Александр Ват рассказывал в тюрьме уголовникам “Красное и черное” Стендаля[1389]. Александр Долган – “Отверженных”[1390], Януш Бардах – “Трех мушкетеров”: “Мой статус повышался с каждым поворотом сюжета”[1391]. Колонна-Чосновский завоевал уважение блатных, которые называли голодающих “политических” паразитами, тем, что рассказал им “свою собственную, максимально приукрашенную драматическими эффектами, версию фильма, который я видел в Польше несколько лет назад. Место действия – Чикаго, персонажи – полицейские и гангстеры, в том числе Аль Капоне. Я еще вставил туда Багси Малоуна и, кажется, даже Бонни и Клайда. Постарался впихнуть все, что помнил, а некоторые повороты изобрел на ходу”. Рассказ произвел на блатных сильное впечатление, и поляку пришлось повторять его много раз: “Они слушали как дети, затаив дыхание. Они готовы были слушать одно и то же снова и снова, и, как детям, им хотелось, чтобы я каждый раз употреблял одни и те же слова. Они замечали малейшее изменение и малейший пропуск. <…> Не прошло и трех недель, как мое положение стало совсем другим”[1392].
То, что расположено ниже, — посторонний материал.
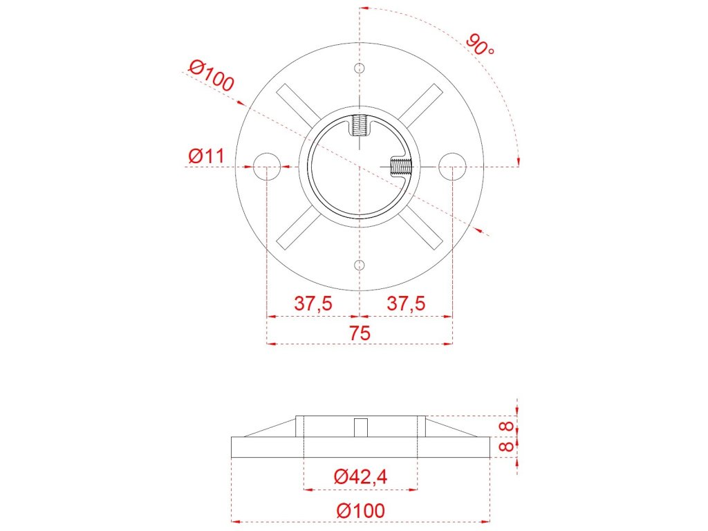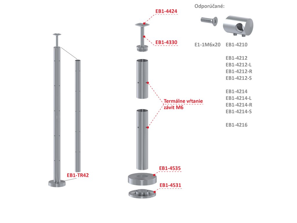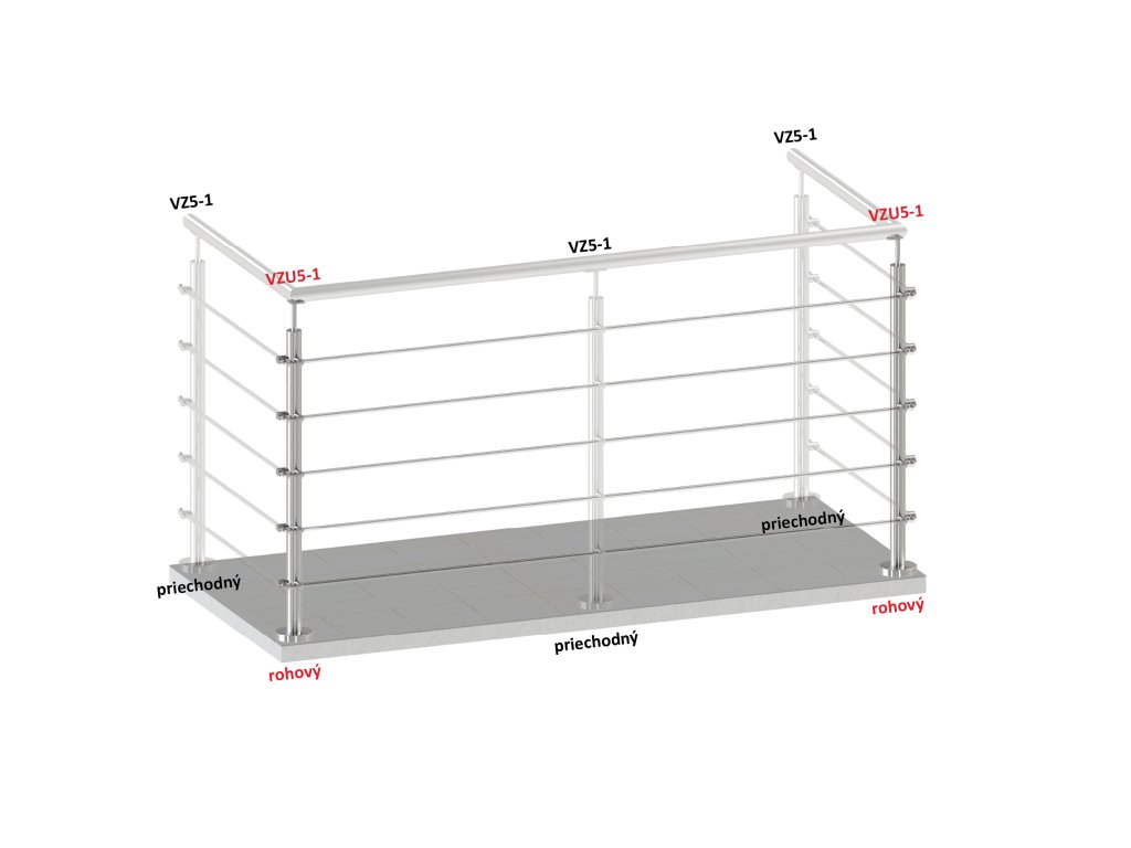 Nerezový stĺp, vrchné kotvenie, 5-radový, rohový: 90°

Иной раз творческий дар помогал заключенному выжить, не принося ему материальных выгод. Нина Гаген-Торн вспоминает о преподавательнице музыки по классу композиции, специалистке по истории музыки, любительнице Вагнера, которая писала в лагере оперу. Она добровольно выбрала работу ассенизатора – чистила лагерные уборные, и это оставляло ей некую свободу, возможность мыслить и творить[1393]. Алексей Смирнов, один из ведущих защитников свободы печати в современной России, рассказал мне о двух литературоведах, которые, находясь в лагерях, придумали никогда не существовавшего французского поэта XVIII века и писали от его имени стилизованные французские стихи[1394]. Герлинг-Грудзинский с благодарностью вспоминал “уроки” литературы, которые давал ему в лагере один бывший профессор[1395].
Ирэн Аргинской помогла ее эстетическая восприимчивость. Даже спустя много лет она с восторгом говорила об “умопомрачительной красоте” Севера, о его просторах, о восходах и закатах. Она рассказала, как ее мать, совершив долгое и трудное путешествие, приехала к ней в лагерь, но увидеться с дочерью не смогла: Ирэн только что отправили в больницу. Свидание не состоялось, но мать до самой смерти вспоминала о красоте тайги[1396].
Впрочем, красота не на всех действовала одинаково. Окруженная той же тайгой, тем же воздухом, теми же просторами Майя Улановская не смогла оценить сибирскую природу: “Я на нее глядеть не хотела. И почти против воли запомнились грандиозные восходы и закаты, мощные сосны и лиственницы, яркие цветы – почему-то без запаха”[1397].
Это замечание так меня поразило, что, когда я сама в разгар лета приехала на Крайний Север, я по-особенному взглянула на широкие реки, на бескрайние леса, на лунный ландшафт арктической тундры. Около угольной шахты, где раньше был один из воркутинских лагпунктов, я даже сорвала несколько северных цветов – хотела проверить, есть ли у них запах. Есть. Возможно, Улановская просто не желала его ощутить.
Глава 18
Бунт и побег
Если бы я услышал лай упряжных собак, означающий, что началось патрулирование, мне, думаю, физически стало бы плохо. Мы пробежали несколько шагов к наружному заграждению. <…>
Шума мы, скорее всего, производили немного, но каждый звук казался оглушительным. <…> Последним отчаянным рывком мы влезли на внешний забор из колючей проволоки, спрыгнули, вскочили на ноги, огляделись, затаив дыхание, и дружно бросились бежать.
Славомир Равич.Долгий путьСреди многих мифов о ГУЛАГе одним из главных представляется миф о невозможности побега. Побеги из сталинских лагерей, пишет Солженицын, “были затеями великанов, но великанов обреченных”[1398]. Анатолий Жигулин утверждает: “Побег с Колымы невозможен”[1399]. Варлам Шаламов с характерной для него суровостью пишет, что почти всегда беглецы – это “новички-первогодки, в чьем сердце еще не убита воля, самолюбие и чей рассудок еще не разобрался в условиях Крайнего Севера”[1400]. Бывший заместитель начальника Норильского гарнизона Николай Абакумов категорически отверг возможность успешного побега: “Из лагерей некоторые убегали, но до материка не добрался никто”[1401].